Scandal after scandal has wrecked the American church in recent days, undermining confidence in pastors and other spiritual leaders, particularly in the largest and highest profile congregations. The most recent has served as a kind of wakeup call for Christians frustrated with the drumbeat of fallen preachers — especially those caught in sexual sin. And one journalist is challenging pastors to adopt a rule that helped America’s most famous evangelist maintain the purity of his witness. It’s a call with a great deal of scriptural support, and one we should take seriously if we hope to stem the tide of scandals.
Last month, Pastor Tullian Tchividjian of Florida’s Coral Ridge Presbyterian Church stepped down after admitting an “inappropriate relationship.” Offering a brief explanation in The Washington Post, Tchividjian concludes by asking the public to respect his privacy and the privacy of his family while they rebuild and reconcile. He also requests prayer “that God will bring restoration through this process and healing to all involved.”
In 2009, Tchividjian became a leading voice in the conservative Presbyterian Church in America (PCA) after taking the reins of Coral Ridge from D. James Kennedy, co-founder of the Moral Majority. Tchividjian didn’t share his predecessor’s appetite for politics in the pulpit, and drew flak for refusing to discuss contentious topics like abortion and homosexuality. But he also had little patience for moral rule-keeping — a stance over which he and The Gospel Coalition parted ways.
Tchividjian’s zeal for rooting out legalism was a zeal for the good news of God’s unmerited grace. But as WORLD magazine’s Marvin Olasky points out, rules can’t justify us with God, but they can go a long way toward keeping Christian leaders out of temptation. That’s why, in light of this latest heartbreaking scandal, he proposes pastors revive “the Graham rule,” named for Tchividjian’s grandfather, the Reverend Billy Graham.
For decades, America’s pastor (now 96) counseled presidents, traveled the world, and led evangelistic crusades that brought tens of thousands to Christ. Through it all, he guarded his witness by vowing never to find himself alone with a woman other than his wife. It’s a rule Olasky thinks pastors today, surrounded as they are by moral failings, should seriously consider adopting.

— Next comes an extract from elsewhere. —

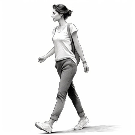 a profile view illustration of a spokeswoman with short hair walking confidently. the sketch features a full body shot against a white background, with a tree in the backdrop. the woman is depicted with her hands in her pockets, wearing sport shoes. the sketch is kept simple and devoid of colors. ai generated

“Clearly, we need God’s grace,” he admits. “Any list of rules we impose drops us into legalism — and the Bible clearly shows us that legalism doesn’t work. Sometimes, though, we drop into antinomianism, the idea that we should scoff at all rules, and that doesn’t work either. When I interviewed Tchividjian four years ago, he was hard on rule-keeping, and he’s right when we confuse simplicity with salvation — but some simple rules make good sense.”
In the wake of the Coral Ridge pastor’s affair and resignation, Olasky thinks we’d be foolish to discount the noetic effect of sin — its power to distort even the most godly shepherd’s thinking and judgment. And he has little patience for abstract, high-minded talk about de-sexualizing male-female relationships in the church. That’s all well and good, but scandals like this one have become an epidemic, and he thinks we need to focus on containment measures, not philosophizing.
“With the Tchividjian tragedy in front of us,” Olasky writes, “we should begin with something concrete. A simple starting-point suggestion: Male leaders of Christian organizations should publicly sign onto the heart of the Billy Graham rule: No closed doors when sin is crouching at the door” (Genesis 4:7).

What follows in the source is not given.